Perhaps i'm mistaken here, but i thought the journey time tolerance is not based on the fastest available transport? As i understood it is a fixed set of values? A journey time tolerance that allows to move some passengers in 1800 over 1000 squares, with coaches and barges, will be irrelevant in 1900, the average speed will be 10 to 15 times higher.


jamespetts

I don't think that I quite follow: why is the private car model one that does not reflect reality? Journey times are in reality an important factor in people's choice of transport, and, for determining whether to use cars or not, an innate preference for using cars is already built in (which is substantially reduced in the case of congestion). I am also a little confused as to why car ownership should be relevant only in larger games; why are they distinct in that respect from smaller games? A (good) player might be able to get better speeds, but, as stated above, passengers in Simutrans-Experimental have an innate preference to use their car that speed alone cannot overcome (although it helps).

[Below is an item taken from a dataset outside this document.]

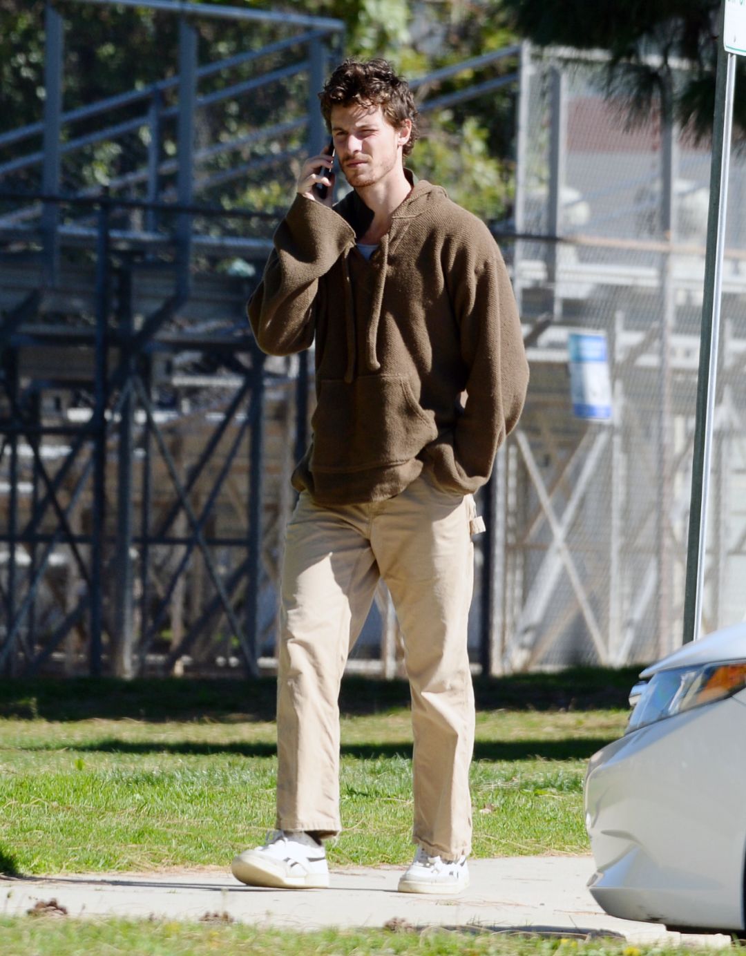 Shawn Mendes以其恪守健康生活方式和积极参与运动闻名。这天刚来到球场,萌德还十分客套地穿了一件茶色外套。

As for balancing the levels of car ownership, that is done quite simply by using real figures.

In terms of comfort, it is not just a matter of getting the average comfort of the rolling stock of the line: it must be multiplied by capacity, overcrowding taken into account, and then the combined comfort of the whole journey calculated by taking the comfort of each leg, multiplying it by the journey time of that leg, and dividing the whole thing by the total journey time. If comfort is a relevant factor in choosing player transport over private cars, however, it seems rather arbitrary that it is not also used (where its use would be equally important) in deciding the best route to take (as the route-finding system for player transport currently works only on journey time). So, if it was implemented for cars but not for comparing modes of transport, a public transport option with a journey time of three hours and five minutes and an average comfort of 75 would be preferred to a public transport option of three hours and ten minutes with an average comfort of 145. It would be unfair on the player, then, if that three hour and five minute journey at comfort 75 would be the basis of comparing with car transport when there is a three hour and ten minute journey with a comfort of 145.

The ideal solution to that would be to include comfort in the process of selecting passenger journeys, not least because comfort was, in reality, an important source of competition: more comfortable rail vehicles were strategically deployed on lines with the greatest competition. The problem is that that would greatly increase the computational load of the routefinding system, one of the most CPU-intensive algorithms in the game. The problem is this: the route finder has to make lots of "is route X better than route Y?" decisions for every route calculated. All the possibilities have to be evaluated for every route found. With one variable, journey time, each comparison is a very simple check to see which of two integers (representing journey time) is larger in size. That is very simple for the computer.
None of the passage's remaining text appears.